Using the mode expansion,

$$\dot X^\mu-X^{\prime\mu} =\sqrt{2\alpha'}\sum_{n\in\mathbb Z}\alpha_n^\mu e^{-in(\tau-\sigma)},$$

and

$$\dot X^\mu+X^{\prime\mu} =\sqrt{2\alpha'}\sum_{n\in\mathbb Z}\widetilde\alpha_n^\mu e^{-in(\tau+\sigma)}.$$

Thus the stress-tensor constraints become Fourier constraints. Define

$$L_m=\frac12\sum_{n\in\mathbb Z}\alpha_{m-n}\cdot\alpha_n,$$

and

$$\widetilde L_m=\frac12\sum_{n\in\mathbb Z}\widetilde\alpha_{m-n}\cdot\widetilde\alpha_n.$$

Then

$$(\dot X-X')^2 =4\alpha'\sum_{m\in\mathbb Z}L_m e^{-im(\tau-\sigma)},$$

and

$$(\dot X+X')^2 =4\alpha'\sum_{m\in\mathbb Z}\widetilde L_m e^{-im(\tau+\sigma)}.$$

Classically,

$$L_m=0, \qquad \widetilde L_m=0, \qquad m\in\mathbb Z.$$

The Virasoro generators are the quadratic Fourier modes of the two chiral stress tensors. Classically the metric equation of motion sets every Fourier coefficient to zero.

At the quantum level, the quadratic products in $L_m$ must be normal ordered. For $m\neq0$ this is essentially unambiguous. For $L_0$ it produces the intercept that determines the first string mass levels. That shift is the subject of the next page.

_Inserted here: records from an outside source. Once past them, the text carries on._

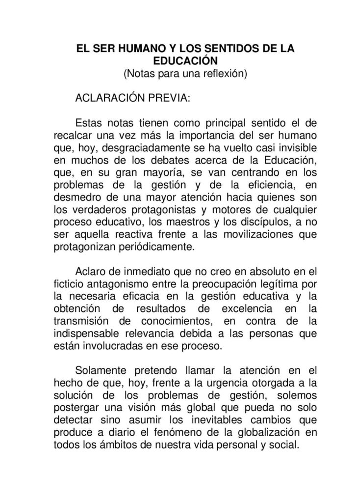 El ser humano y los sentidos de la educación
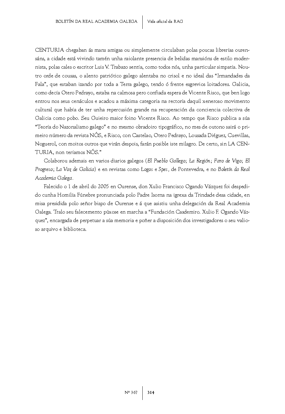 CENTURIA chegaban ás mans amigas ou simplemente circulaban polas poucas librerías ourensáns, a cidade está vivindo tamén unha raiolante presencia de belidas mansións de estilo modernista, polas cales o escritor Luis V. Trabazo sentía, como todos nós, unha particular simpatía. Noutro orde de cousas, o alento patriótico galego alentaba no crisol e no ideal das ?Irmandades da Fala?, que estaban izando por toda a Terra galego, tendo ó frente esgrevios loitadores. Galicia, como decía Otero Pedrayo, estaba na calmosa pero confiada espera de Vicente Risco, que ben logo entrou nos seus cenáculos e acadou a máxima categoría na rectoría daquil xeneroso movimento cultural que había de ter unha repercusión grande na recuperación da conciencia colectiva de Galicia como pobo. Seu Guieiro maior foino Vicente Risco. Ao tempo que Risco publica a súa ?Teoría do Nazonalismo galego? e no mesmo obradoiro tipográfico, no mes de outono sairá o primeiro número da revista NÓS, e Risco, con Castelao, Otero Pedrayo, Lousada Diéguez, Cuevillas, Noguerol, con moitos outros que virán despois, farán posible iste milagro. De certo, sin LA CENTURIA, non teríamos NÓS.? Colaborou ademais en varios diarios galegos (El Pueblo Gallego; La Región; Faro de Vigo; El Progreso; La Voz de Galicia) e en revistas como Logos e Spes, de Pontevedra, e no Boletín da Real Academia Galega. Falecido o 1 de abril do 2005 en Ourense, don Xulio Francisco Ogando Vázquez foi despedido cunha Homilía Fúnebre pronunciada polo Padre Isorna na igrexa da Trindade desa cidade, en misa presidida polo señor bispo de Ourense e á que asistiu unha delegación da Real Academia Galega. Tralo seu falecemento púxose en marcha a ?Fundación Casdemiro. Xulio F. Ogando Vázquez?, encargada de perpetuar a súa memoria e poñer a disposición dos investigadores o seu valioso arquivo e biblioteca.
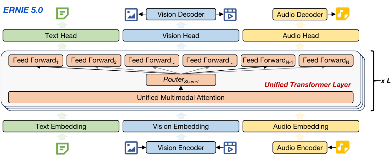 ERNIE 5.0 采用超稀疏混合专家(MoE)架构 ,在单一自回归框架内融合文本、图像、视频、音频四大模态的理解与生成。
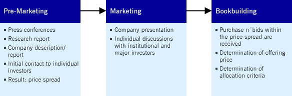 For the classic book building procedure company and banking syndicate will jointly agree on a price spread prior to the start of the offer period. This spread will be ascertained in advance by the syndicate members based upon the due diligence performed in combination with a targeted investors’ survey. In the course of such survey, the banks inquire the interest of potential investors in the stock by asking, for instance, for non-binding purchase bids. Prior to the start of the actual offering stage, a price spread will be determined and published accompanied by any other Information regarding the securities offered.
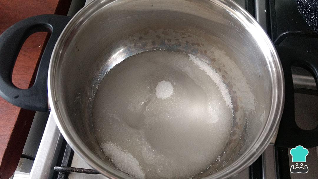 Precalienta el horno a 180 ºC, aproximadamente. Empieza a hacer el caramelo líquido. Derrite el azúcar en una olla con las cucharadas de agua a fuego medio-alto. No lo revuelvas para que el azúcar no se cristalice.

The matter oscillators satisfy the Virasoro algebra

$$[L_m,L_n] =(m-n)L_{m+n}+\frac{D}{12}m(m^2-1)\delta_{m+n,0},$$

with an identical formula for $\widetilde L_m$, and

$$[L_m,\widetilde L_n]=0.$$

The central charge of the $D$ free embedding coordinates is

$$c_X=D.$$

The cylinder-to-plane map

The cylinder is natural for canonical quantization. The complex plane is natural for conformal field theory.

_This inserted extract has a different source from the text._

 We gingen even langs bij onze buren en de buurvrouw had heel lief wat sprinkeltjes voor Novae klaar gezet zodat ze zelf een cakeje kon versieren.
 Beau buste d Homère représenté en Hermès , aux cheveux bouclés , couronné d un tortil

After Wick rotation $\tau=-i\tau_E$, set

$$w=\tau_E+i\sigma, \qquad z=e^w.$$

The identification $\sigma\sim\sigma+2\pi$ is precisely what makes $z$ single-valued. Constant Euclidean-time slices become circles around the origin, so time ordering on the cylinder becomes radial ordering on the plane.

The exponential map $z=e^w$ sends the Euclidean cylinder to the punctured plane. Increasing Euclidean time corresponds to increasing radial distance from the origin.

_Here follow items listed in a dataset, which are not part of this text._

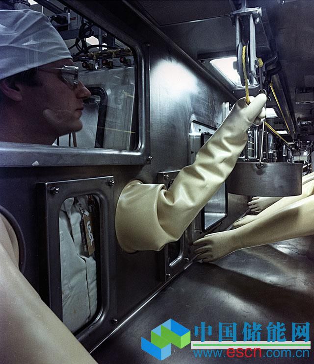 美國(guó)能源部橡樹(shù)嶺國(guó)家實(shí)驗(yàn)室,正戴著手套處理核材料的工作人員
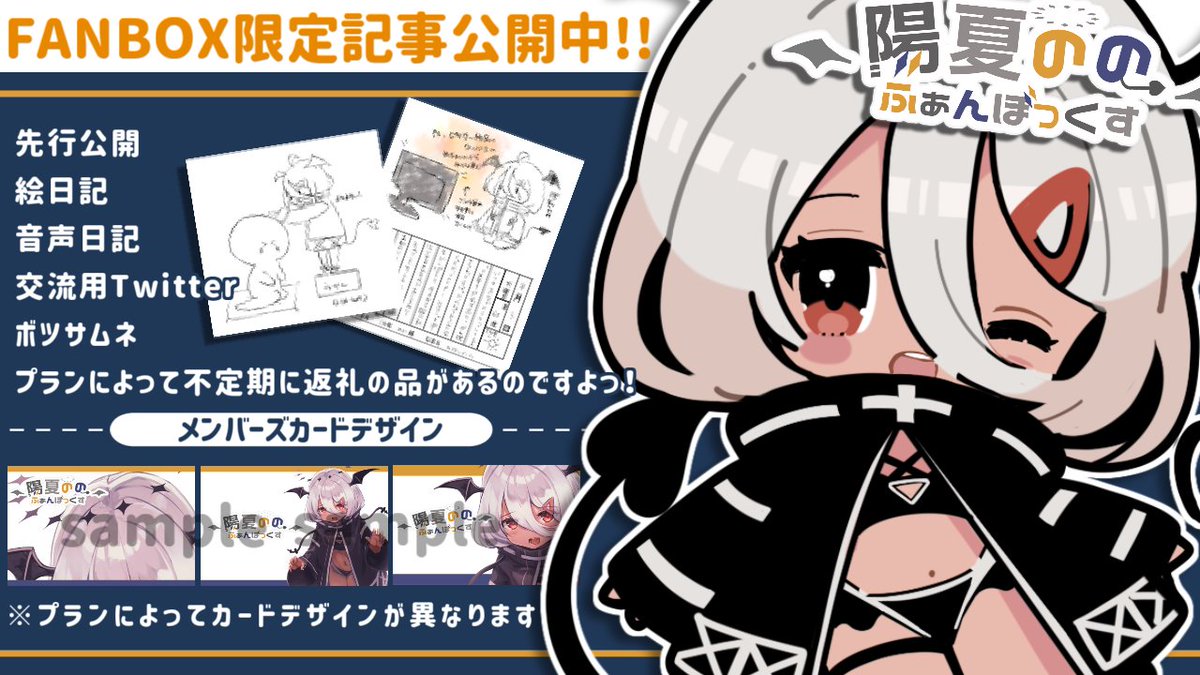 YouTube┊youtube.com/channel/UCPeF0… bilibili ┊space.bilibili.com/456749835 FANBOX┊hinatsunono.fanbox.cc GOODS ┊hinatsunono.booth.pm Skeb ┊skeb.jp/@HinatsuNono 干し芋 ┊amazon.co.jp/hz/wishlist/ls… Fan Mark┊🌻🦇 Fan Name┊のの組 ✦Tag 通常 #陽夏のの fanart #のの描いたよ
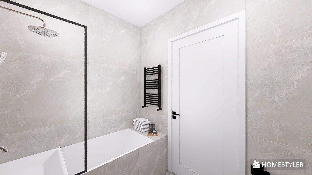Drewno ociepla przestrzeń i nadaje jej miękkości, biel wprowadza światło i porządek, a czarne detale – ramy, grzejnik i armatura – dodają całości wyrazu i nowoczesności. Każdy element ma tu swoje miejsce i funkcję – od zabudowy pralki i suszarki, przez prostą formę umywalki, po przejrzystą, lekką optycznie strefę kąpielową.
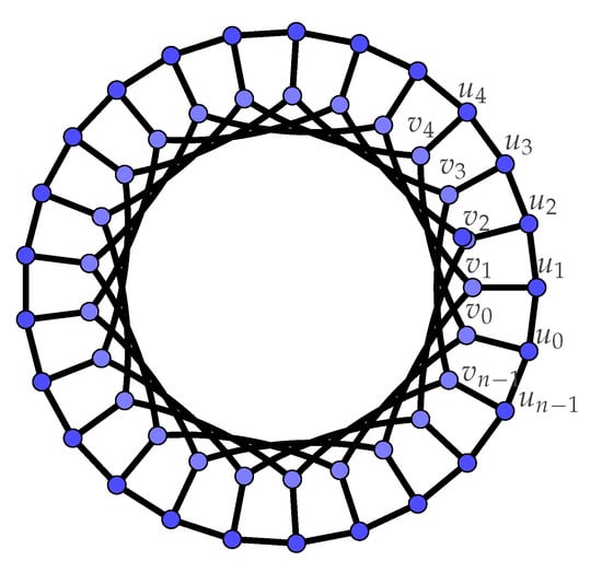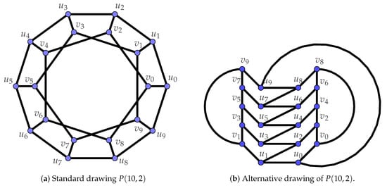 For and k, , the generalized Petersen graph , is a graph on vertices with and . This standard notation was introduced by Watkins [5] (see Figure 1).
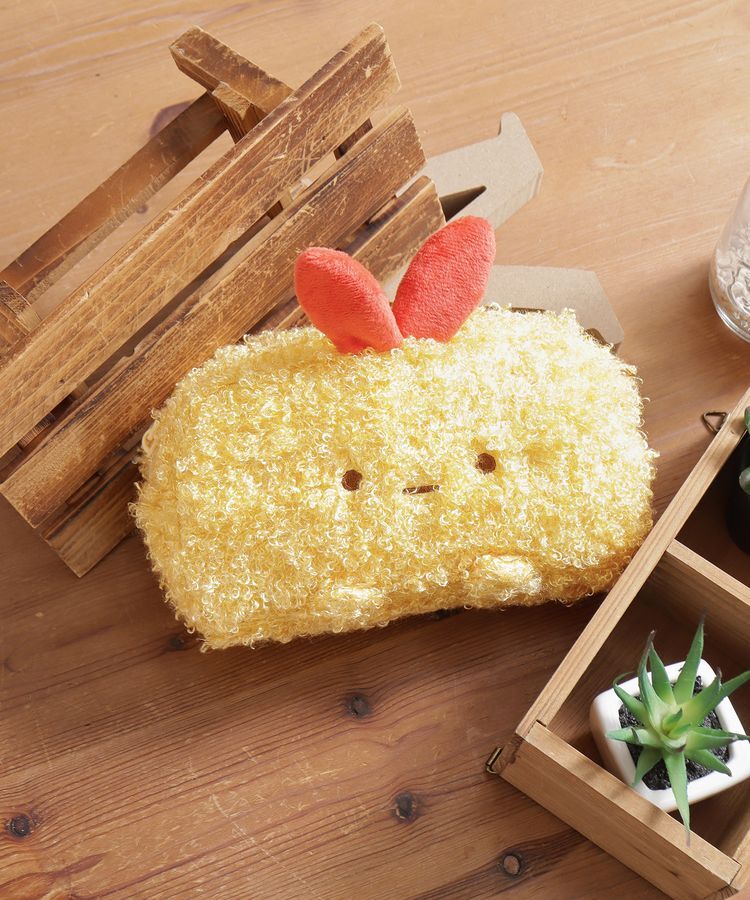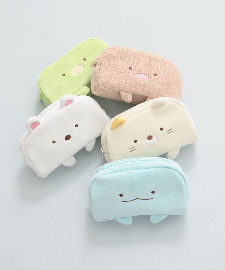 こちらがすみっコぐらしポーチです。上画像の、しろくま・とかげ・ねこ・ぺんぎん・とんかつにプラスして、下画像のえびふらいのしっぽがいます。
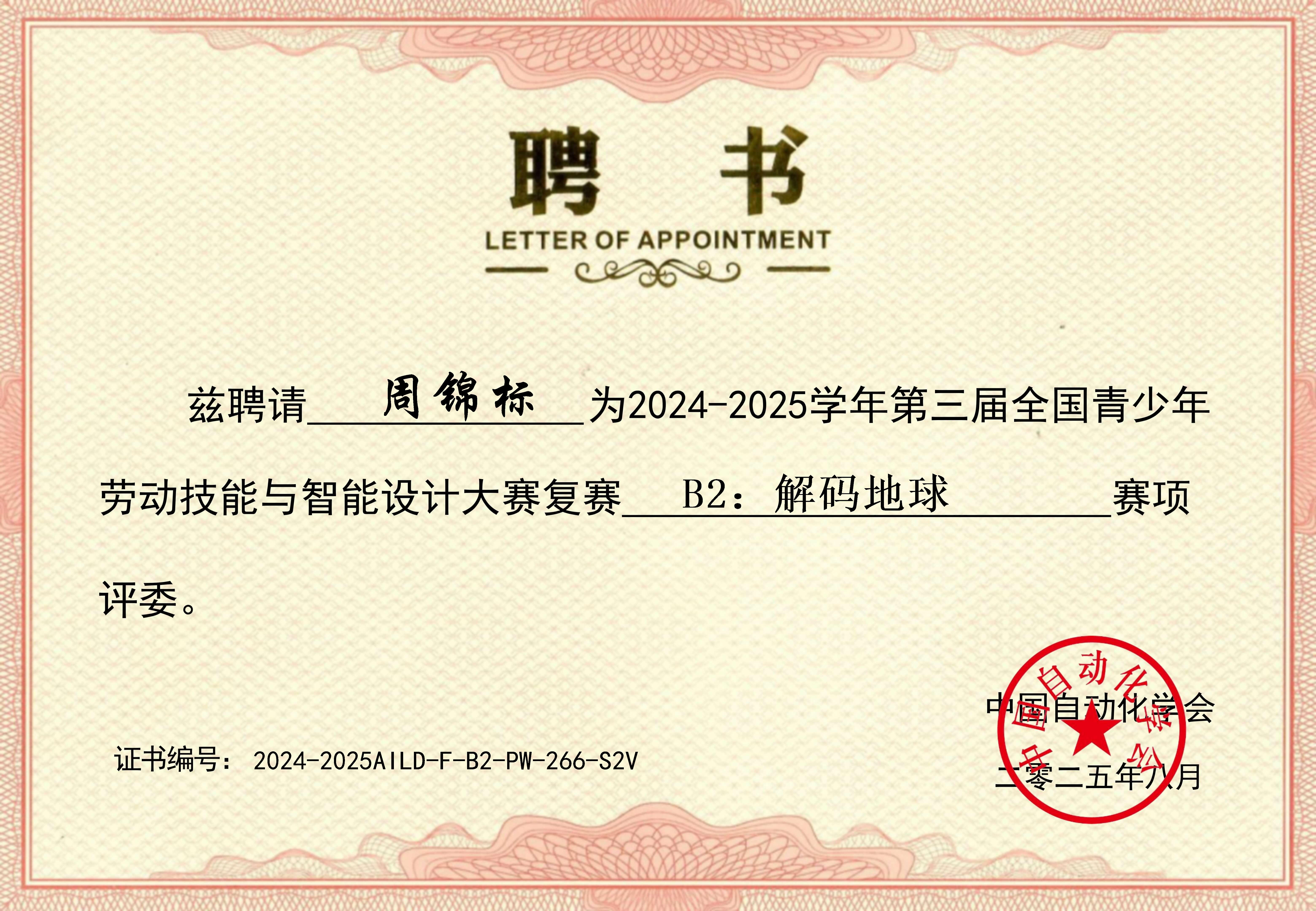 周锦标老师被聘请为2024-2025学年第三届全国青少年劳动技能与智能设计大赛评委 2025-09-25

On the plane the closed-string field has the expansion

$$X^\mu(z,\bar z) =x^\mu-i\frac{\alpha'}{2}p^\mu\ln(z\bar z) +i\sqrt{\frac{\alpha'}{2}} \sum_{n\neq0}\frac{1}{n} \left(\alpha_n^\mu z^{-n}+\widetilde\alpha_n^\mu\bar z^{-n}\right).$$

Taking derivatives removes the logarithmic ambiguity:

$$\partial X^\mu(z) =-i\sqrt{\frac{\alpha'}{2}} \sum_{n\in\mathbb Z}\frac{\alpha_n^\mu}{z^{n+1}},$$ $$\bar\partial X^\mu(\bar z) =-i\sqrt{\frac{\alpha'}{2}} \sum_{n\in\mathbb Z}\frac{\widetilde\alpha_n^\mu}{\bar z^{n+1}}.$$

The holomorphic matter stress tensor is

$$T(z)=-\frac{1}{\alpha'}:\partial X^\mu\partial X_\mu:(z),$$

and its Laurent expansion is

$$T(z)=\sum_{n\in\mathbb Z}\frac{L_n}{z^{n+2}}.$$

Equivalently,

$$L_n=\frac{1}{2\pi i}\oint dz\,z^{n+1}T(z).$$

This contour formula is the bridge between canonical string quantization and two-dimensional CFT.

Open-string comparison

For an open string with Neumann boundary conditions in all target-space directions,

$$X^{\prime\mu}(\tau,0)=X^{\prime\mu}(\tau,\pi)=0,$$

the two chiral halves are glued together at the boundaries. The open string has a single independent oscillator algebra.

The mode expansion is

$$X^\mu(\tau,\sigma) =x^\mu+2\alpha'p^\mu\tau +i\sqrt{2\alpha'}\sum_{n\neq0}\frac{\alpha_n^\mu}{n}e^{-in\tau}\cos(n\sigma),$$

where $0\leq\sigma\leq\pi$. The zero mode is normalized so that

$$p^\mu=\frac{1}{2\pi\alpha'}\int_0^\pi d\sigma\,\dot X^\mu.$$

For the open string one writes

$$\alpha_0^\mu=\sqrt{2\alpha'}p^\mu,$$

and

$$L_m=\frac12\sum_{n\in\mathbb Z}\alpha_{m-n}\cdot\alpha_n.$$

For Neumann boundary conditions, the strip can be doubled across its boundaries. The left- and right-moving halves are identified, leaving one oscillator algebra and one Virasoro algebra.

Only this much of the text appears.